** Brief **
Could you print the stretch of lines below from the one with "En tanto que" through the one with "5.2 kilonun, 4.1", exactly as they stand and without any pictures?

--- Records supplied Enclosed Below ---

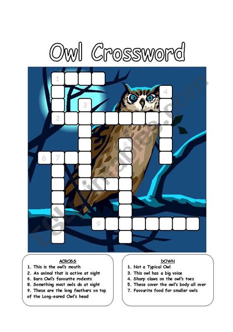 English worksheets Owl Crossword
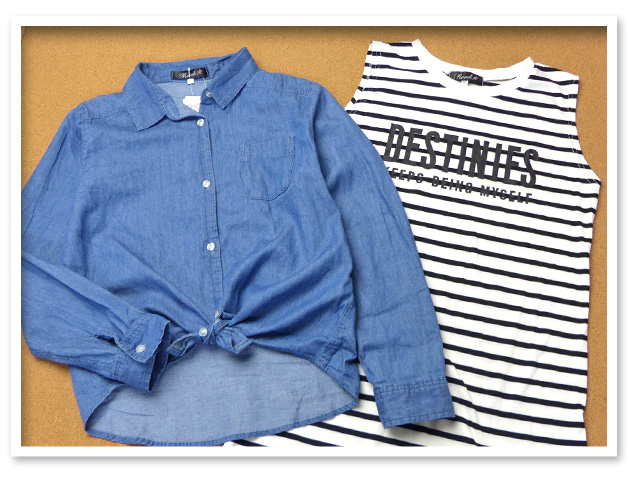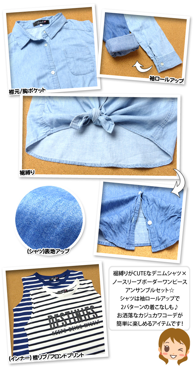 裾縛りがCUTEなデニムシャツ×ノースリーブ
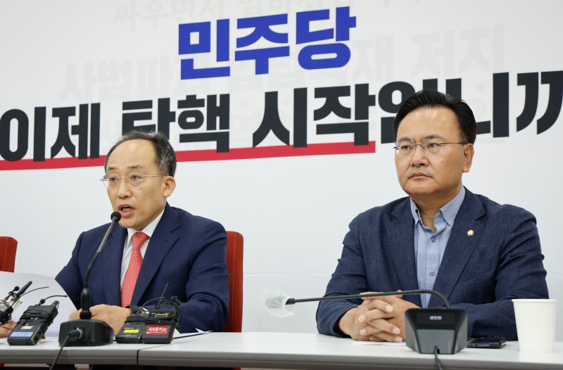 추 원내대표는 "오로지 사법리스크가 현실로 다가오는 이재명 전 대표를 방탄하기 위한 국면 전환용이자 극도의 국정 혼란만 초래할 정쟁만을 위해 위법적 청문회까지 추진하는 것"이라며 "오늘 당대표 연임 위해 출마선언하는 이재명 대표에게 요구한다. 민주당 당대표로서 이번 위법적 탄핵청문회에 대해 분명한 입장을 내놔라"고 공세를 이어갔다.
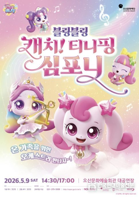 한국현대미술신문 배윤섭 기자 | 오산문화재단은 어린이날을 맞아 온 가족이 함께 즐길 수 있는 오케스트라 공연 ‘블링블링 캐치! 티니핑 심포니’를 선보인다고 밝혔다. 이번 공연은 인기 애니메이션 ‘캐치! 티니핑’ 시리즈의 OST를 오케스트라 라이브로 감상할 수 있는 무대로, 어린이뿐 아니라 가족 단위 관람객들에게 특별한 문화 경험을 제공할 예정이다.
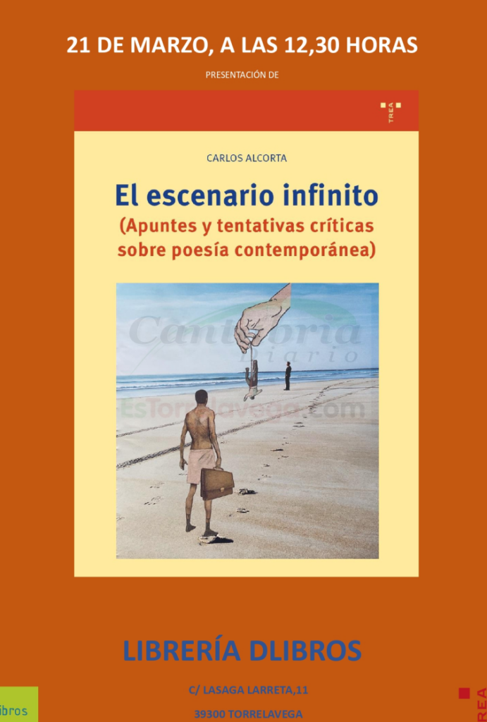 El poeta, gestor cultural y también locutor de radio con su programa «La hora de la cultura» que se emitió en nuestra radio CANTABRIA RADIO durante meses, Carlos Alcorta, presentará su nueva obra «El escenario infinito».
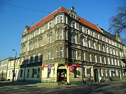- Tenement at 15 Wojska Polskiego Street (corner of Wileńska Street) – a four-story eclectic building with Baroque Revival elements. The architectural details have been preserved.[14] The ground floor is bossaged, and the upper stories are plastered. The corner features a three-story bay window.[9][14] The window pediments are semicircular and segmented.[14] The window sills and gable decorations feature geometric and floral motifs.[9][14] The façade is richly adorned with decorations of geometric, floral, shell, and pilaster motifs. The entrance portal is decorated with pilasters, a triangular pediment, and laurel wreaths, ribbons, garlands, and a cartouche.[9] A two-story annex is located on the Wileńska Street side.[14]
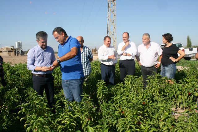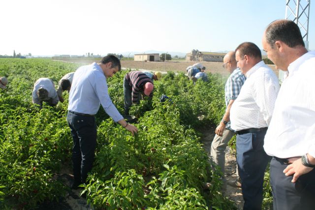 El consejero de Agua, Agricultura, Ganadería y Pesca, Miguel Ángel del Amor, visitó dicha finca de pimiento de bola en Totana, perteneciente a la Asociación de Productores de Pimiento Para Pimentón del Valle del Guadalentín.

--- End of Enclosed Records supplied ---
--- Records supplied Enclosed Below ---

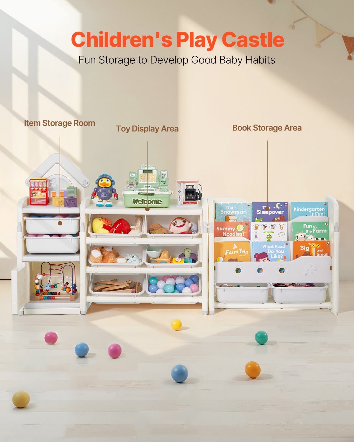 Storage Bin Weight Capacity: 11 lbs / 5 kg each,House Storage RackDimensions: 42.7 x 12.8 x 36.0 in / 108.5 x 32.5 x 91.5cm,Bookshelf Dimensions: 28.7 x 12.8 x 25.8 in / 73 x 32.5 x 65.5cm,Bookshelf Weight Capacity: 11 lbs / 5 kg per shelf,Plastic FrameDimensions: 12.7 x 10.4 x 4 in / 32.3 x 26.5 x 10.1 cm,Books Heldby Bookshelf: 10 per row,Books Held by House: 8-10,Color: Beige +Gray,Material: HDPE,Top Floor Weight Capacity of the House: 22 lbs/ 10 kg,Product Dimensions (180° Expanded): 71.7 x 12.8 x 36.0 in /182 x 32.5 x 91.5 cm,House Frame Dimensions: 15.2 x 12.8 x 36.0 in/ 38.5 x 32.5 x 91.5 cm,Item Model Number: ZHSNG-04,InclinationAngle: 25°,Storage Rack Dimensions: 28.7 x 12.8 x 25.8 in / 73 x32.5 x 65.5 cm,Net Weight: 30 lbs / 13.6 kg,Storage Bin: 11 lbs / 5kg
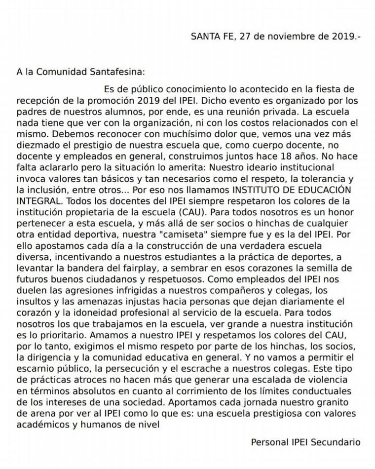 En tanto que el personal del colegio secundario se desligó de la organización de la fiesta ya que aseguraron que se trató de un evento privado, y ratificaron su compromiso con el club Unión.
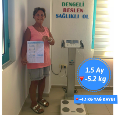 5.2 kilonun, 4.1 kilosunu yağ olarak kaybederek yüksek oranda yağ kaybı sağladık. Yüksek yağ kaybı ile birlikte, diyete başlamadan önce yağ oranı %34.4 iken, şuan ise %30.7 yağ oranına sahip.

--- End of Enclosed Records supplied ---
--- Records supplied Enclosed Below ---

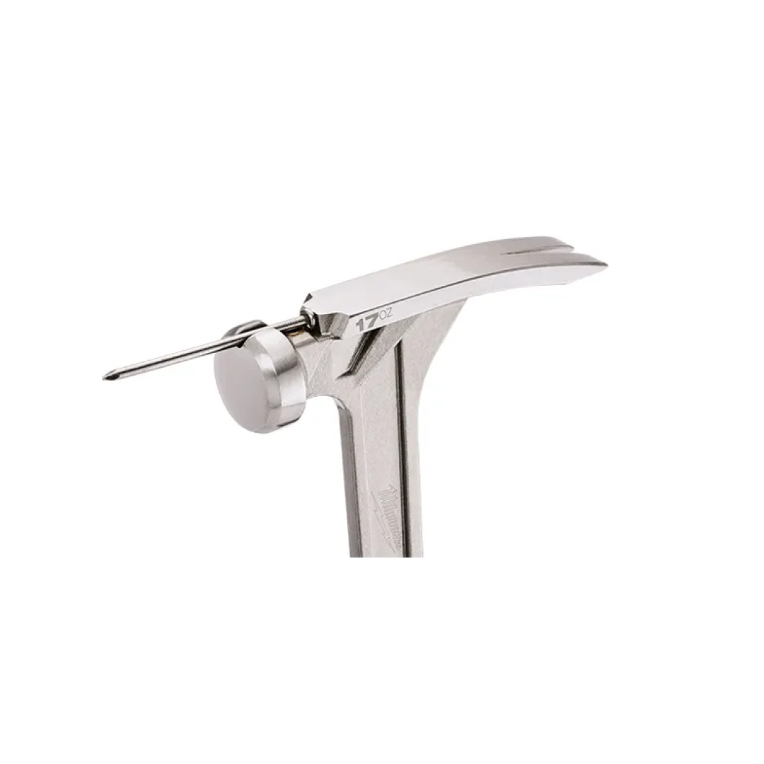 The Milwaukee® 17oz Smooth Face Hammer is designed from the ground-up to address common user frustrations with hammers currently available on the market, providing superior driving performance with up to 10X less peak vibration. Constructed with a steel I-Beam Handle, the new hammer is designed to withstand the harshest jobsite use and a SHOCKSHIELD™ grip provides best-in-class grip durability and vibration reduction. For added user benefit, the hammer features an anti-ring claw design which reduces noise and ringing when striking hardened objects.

--- End of Enclosed Records supplied ---

** Exercise solution **
 En tanto que el personal del colegio secundario se desligó de la organización de la fiesta ya que aseguraron que se trató de un evento privado, y ratificaron su compromiso con el club Unión.
 5.2 kilonun, 4.1 kilosunu yağ olarak kaybederek yüksek oranda yağ kaybı sağladık. Yüksek yağ kaybı ile birlikte, diyete başlamadan önce yağ oranı %34.4 iken, şuan ise %30.7 yağ oranına sahip.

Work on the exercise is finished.